Is there an idiomatic way to invoke the creation of a copy in an expression?

For example say I have a function declared as:

template <class T>
void foo(T&& arg)
{
}

Now I need to call foo with a copy of my object:

MyType object;
foo(object);

As written above, I will have a call on void foo(MyType& arg), but I don't want to pass a reference to my object. I also want to avoid moving from my object in order to trigger deduction of void foo(MyType&& arg).

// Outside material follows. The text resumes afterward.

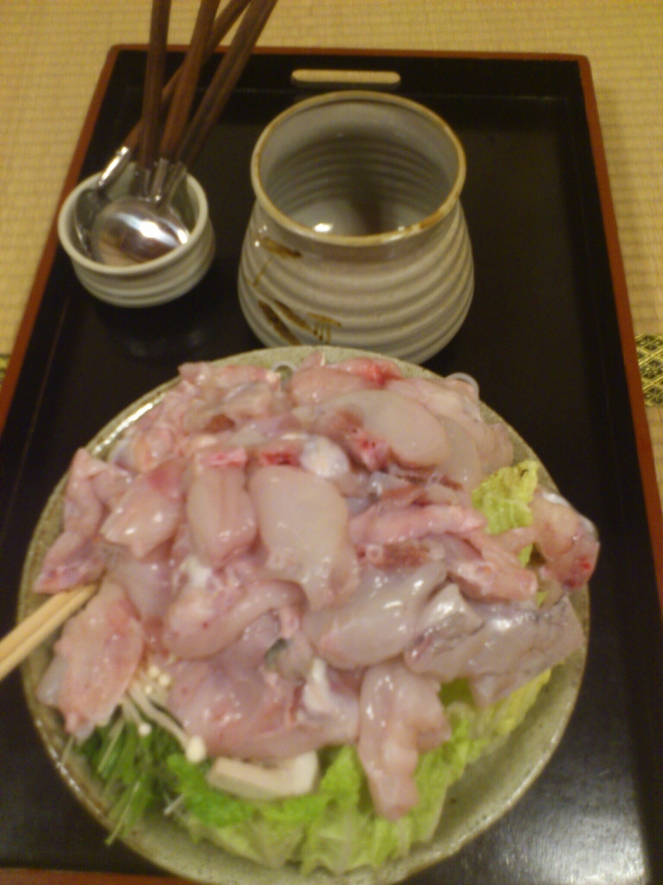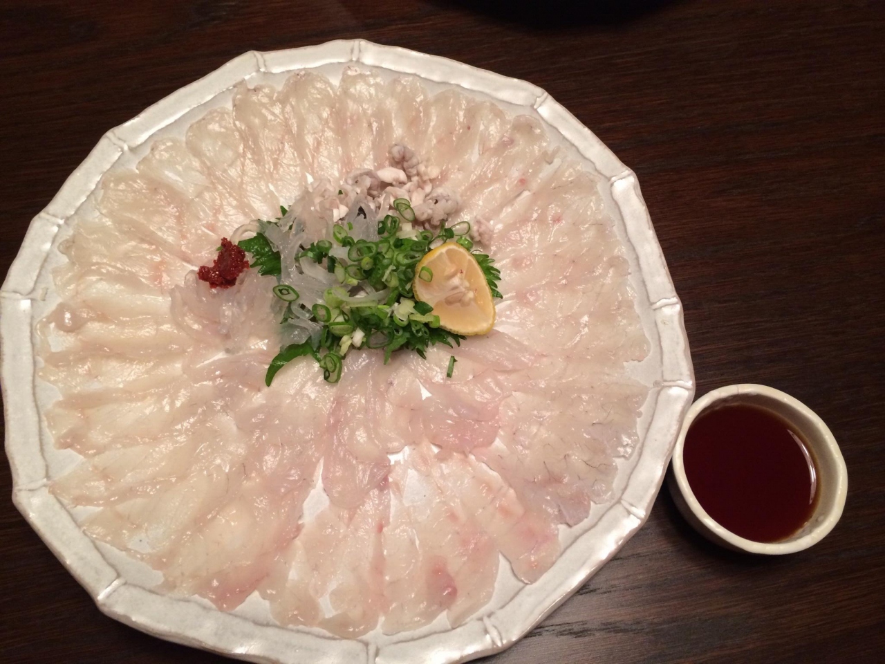 まず、八寸や突き出しが出てきて、その後に「てっさ」です。この「てっさ」の大きさに驚きます。自分の顔より大きなお皿に、ぐるりと一周ふぐが乗っています。こんな贅沢なのは初めてです。

What I want to do is create a copy of object at the call site of foo:

foo(copy(object));

I have tried the following things:

• Creating a copy function myself, to generate objects: template <class T> T copy(T arg) { return arg; }
• Copy by means of forward casting: foo(std::forward<MyObject>(object)), but don't think it works in generic code
• Explicitly copying by creating a local variable to pass to foo: MyType copy(object); foo(std::move(copy));

Is there a standard library facility or a "generally accepted" way to do this?

EDIT:

As mentioned in the comments, foo(MyType(object)) is always a solution. I'm asking whether there is an idiomatic way because in general spelling out the type in this case can be less safe:

// Converting constructors may create spurious problems:
foo(AnotherType(object)); 
// This can compile even if decltype(object) != AnotherType

whereas a solution that requires no attention in specifying the type is always safe:

foo(copy(object)); 

CodePudding user response：

You can build a decay-copy function yourself:

template <class T> 
constexpr std::decay_t<T> decay_copy(T&& v)
{ return std::forward<T>(v); }

then

foo(decay_copy(object)); 

It's worth noting that you can also use auto(x) to get language-supported decay-copy in C 23:

foo(auto(object)); 

Demo

See P0849 for more details on auto(x).